Before I made the decision to not run MCM, I was in the process of reviewing my running to look at why I do things a certain way and if there might be better ways for me to run more consistently. Below is what I have done so far:

  • What are my motivations for running?
  • What I want to achieve as a runner?
  • Which Running Shoe – Post Injury?
  • How Injuries Have Effected my 2013 Goals.
  • Racing Versus Going to a Race

I need to finish this process and that is what this post is about.

Re-Thinking How I Train

This change of plan means the pressure to rush back to training is gone and I have time to put my research, needs, wants and off-the-wall thoughts about running into a training philosophy or framework that I hope works better for me than my previous boom, then break methods of training.

First things First

The first thing that I have to do is finish rehabilitating my present injuries and all the other little aches and pains that have accumulated over the years. In order to do that I am going through physical therapy for my left heel area 2 x a week, which means the PT sessions are not really enough by themselves to resolve the underlying issues that actually caused my most recent injury (besides the part, where I did not listen to my body).

To help resolve these underlying problems, I have been using parts of the Running Injury Recovery Program by Bruce Wilks, in conjunction with my physical therapy sessions and homework, with very good results.

Therefore, I plan to use parts of the next phase of his program in addition to starting to run slowly again according to Budd Coates’ base building schedule in Running on Air – to get me ready to start training again sometime in August.

Yes that is right – August

Does this mean you have suddenly developed patience Harold?

Naw, but it does mean that I know that my Achilles tendon needs more time to heal, before I can get back to full training and that I will take the time I need to do it “mostly” right.

Thinking Back

When I think about when I have enjoyed my running the most and still kept improving, without being injured a lot, it was when I just had a basic plan, a routine that kept things simple, did not overthink what I needed to do and was flexible when life got in the way.

Runlog Week 20 1983 pg1

This didn’t mean that I was not working hard, because I was, but I also was not being pressured or restricted by the parameters of a canned training plan.

Coaching

As much as I might like to have a coach, so I could just focus on running and let them worry about what I am supposed to do.
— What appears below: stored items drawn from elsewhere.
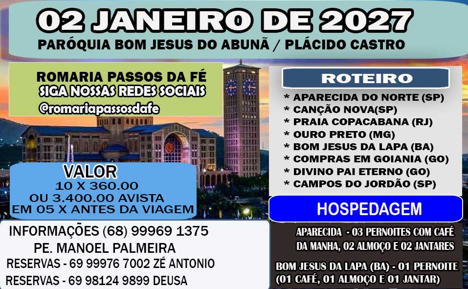 • RESERVAS ANTECIPADAS: Nossas Romarias podem ser dividido em ate dez pagamentos poren as poltronas sera mantida para nosso romeiro desde que mesmo assuma a resposabilidade de não haver desistência.
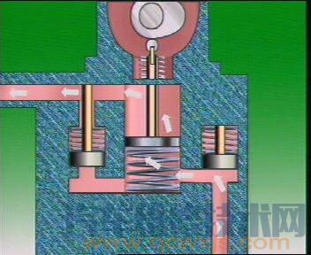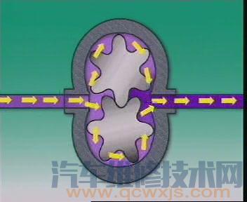 在油泵進口處體積增大,產生真空度,機油從進油口被吸入,然后被輪齒帶到油泵出口處,出口體積變小,壓力增大,將機油壓入出油道。主動齒輪由凸輪軸上的或曲軸直接或間接驅動。
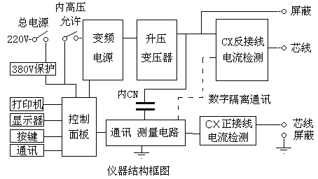 儀器內(nèi)部裝備了高壓升壓變壓器,并采取了過零合閘、防雷擊等安全保護措施。試驗過程中輸出0.5KV~10kV不同等級的高壓,操作簡單、安全。
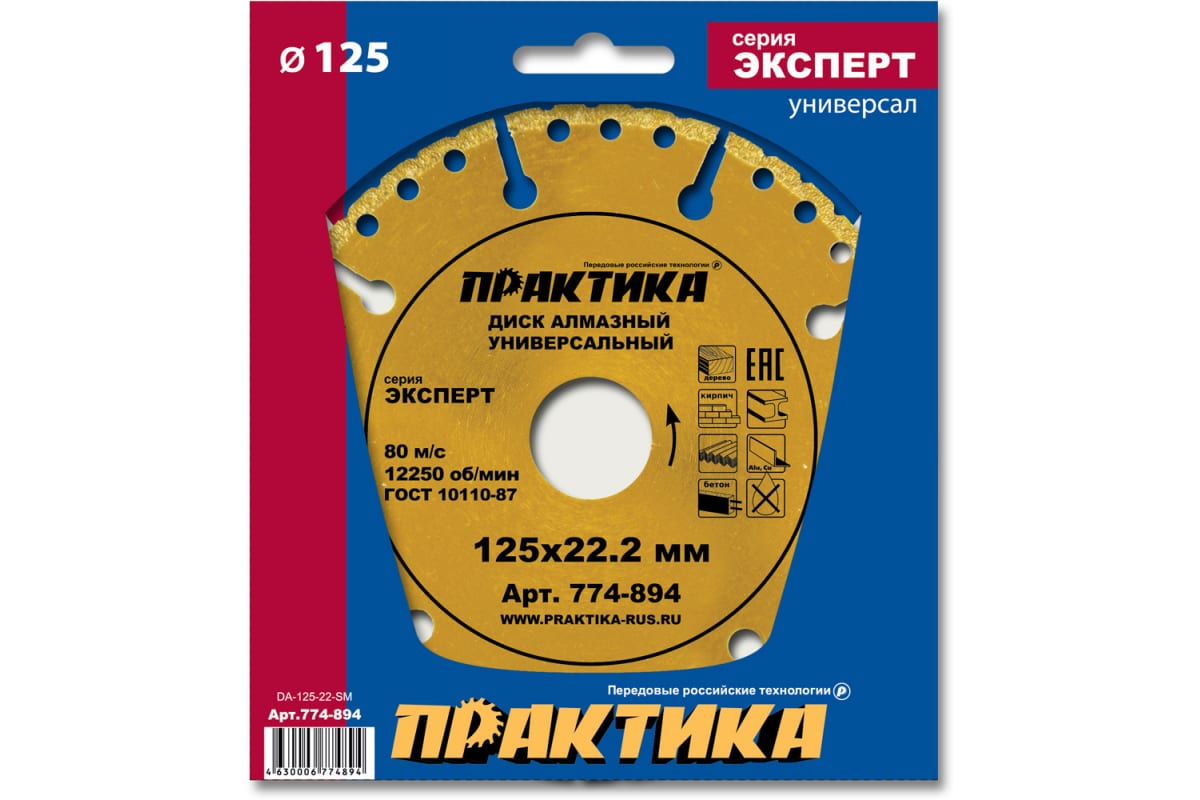Диск алмазный сегментный Эксперт-Универсал (125х22.2 мм) ПРАКТИКА 774-894 предназначен для ручных резчиков. Применяется для сухой резки любых материалов от абразивных (асфальт, силикатный кирпич) до металлических профилей и дерева. Вентилируемая конструкция тела диска обеспечивает воздушное охлаждение и предотвращение перегрева. Идеально подходит для пиления материалов неоднородного состава: армированный бетон, перекрытия крыши с деревянной или металлической обрешеткой, перегородки с профилями и наполнителями, вскрытия полов. Рекомендован в качестве спасательных работ для оперативного вскрытия металлических дверей, перегородок крыш, пиления твердых металлических изделий: замков, стержней, пальцев, пружин, валов, дверных петельХарактеристики
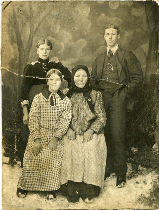 Наталия Павловна Дурдина с матерью и неизвестными женщинами у лестницы перед домом
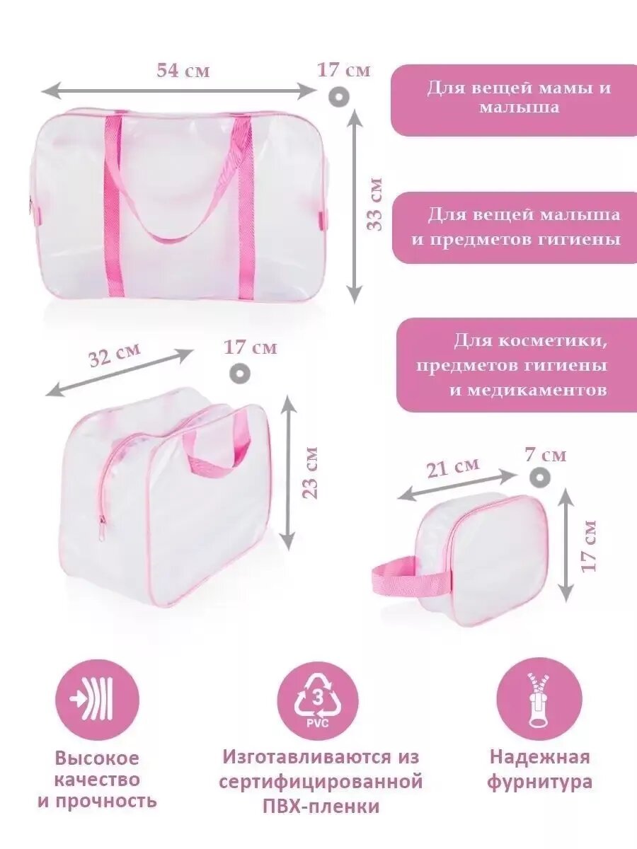 Отзывы на Прозрачные сумки матовые в роддом 3 шт., бренд "Золотой октябрь", цвет розовый
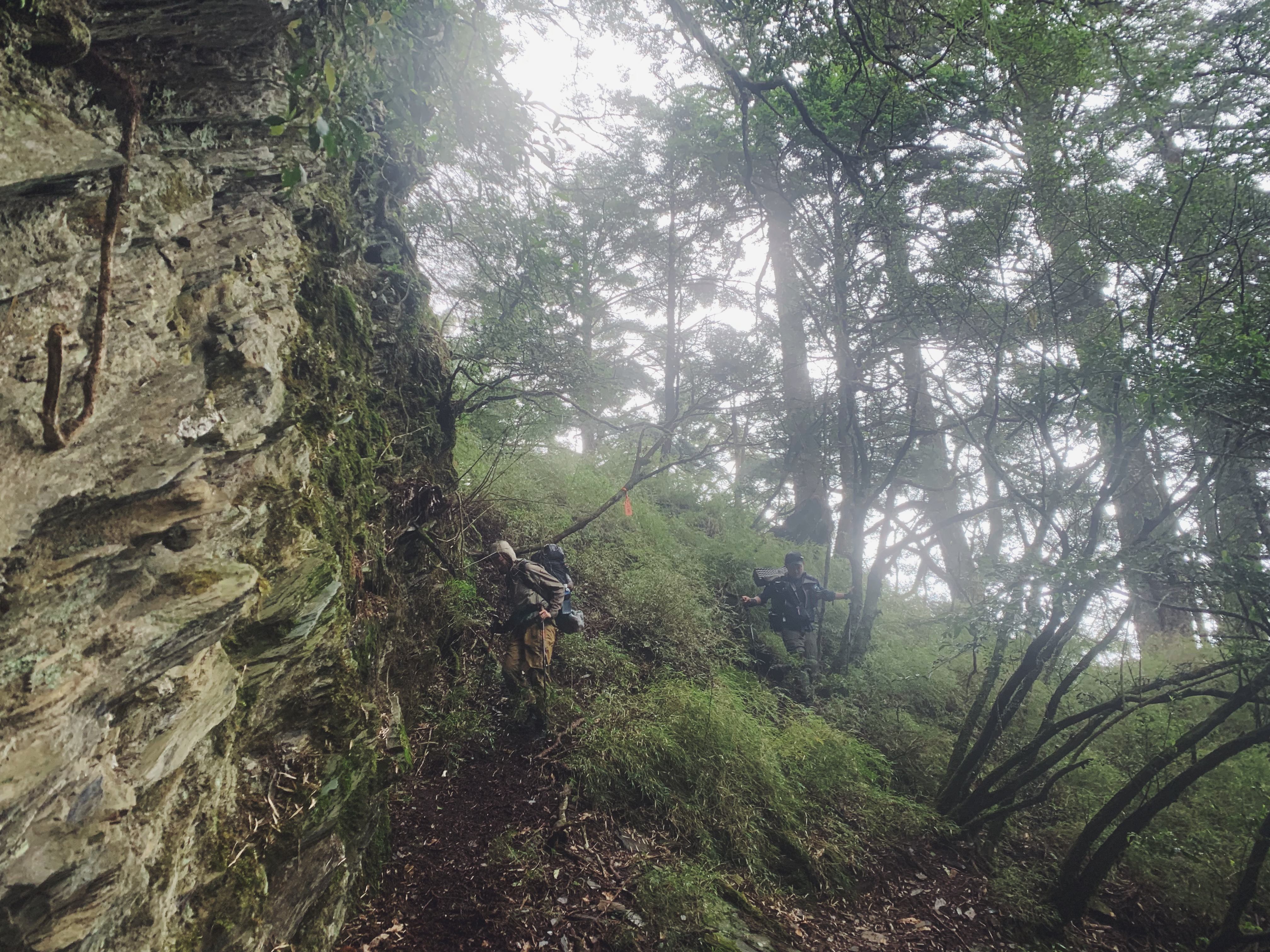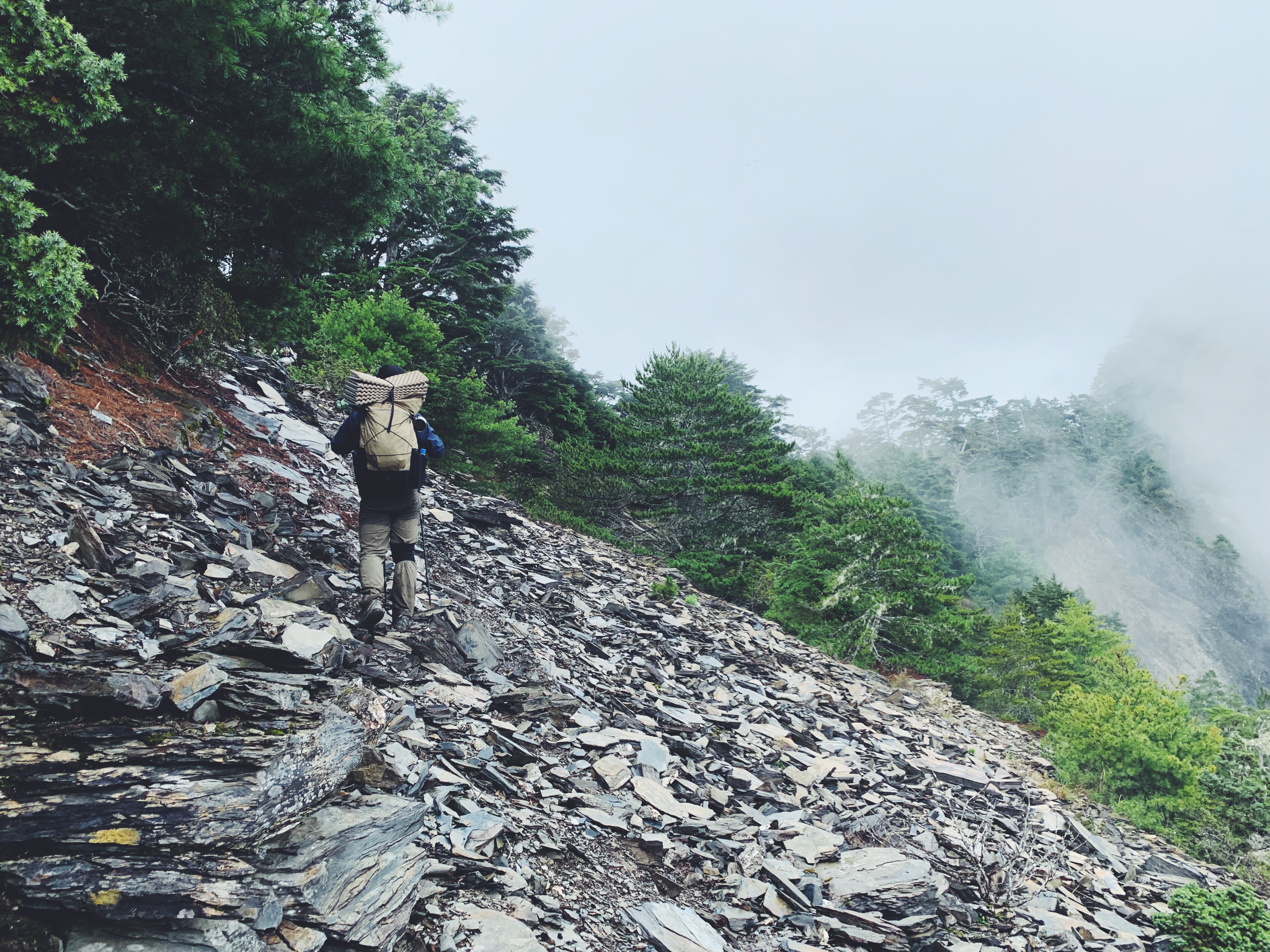 中間會行經一段碎石坡,上次走到這裡還可以看到藍天的景緻,且可以清晰地看到前方裸露的山側,猶如像是一塊蛋糕被切了一半可以看到肌理。不過這次起霧就在霧茫茫之中通過,這段碎石坡算蠻好走的,不過在走完碎石坡要接回稜線時有一塊石頭較難走上去,由於隊友在那裡跌倒所以我們找旁邊走上去會比較安全。接下來為了要繞過前方的陡峭山頭,路線轉為下切,而我們也到了上次迫降的地方。這時候路就變得很難找,那次也是因為天色變暗不好找路只好原地迫降。這個路段也無法扎營,大家免強找到可以躺平的地方鋪上地墊和睡袋直接睡了!不過那次看著整片山林睡也是蠻特別的體驗,其實睡得還不錯。

The brutal reality is that financially, it just is not going to happen.

So I will continue to self-coach myself, with all the limitations and pitfalls that it entails.

Butterfly Runner

One thing is that I want to stop is being a butterfly runner, who continuously flits from one training plan, program or framework to another, based on the most recent book, blog post or other resource that I have read or watched, which might be well-intentioned, but usually only serves to muddy the waters more for me than they help.

I know that like many runners out there, I am overloaded and bombarded with so much information about the “right” way to train and run, that more often than not I am dazed and confused about how I should be training and running.

It is time to stop the madness and get back to basics and train to run faster and farther, not just jumping from plan to plan.

Not just another training plan

Notice that I am not saying that I need – yet another training plan.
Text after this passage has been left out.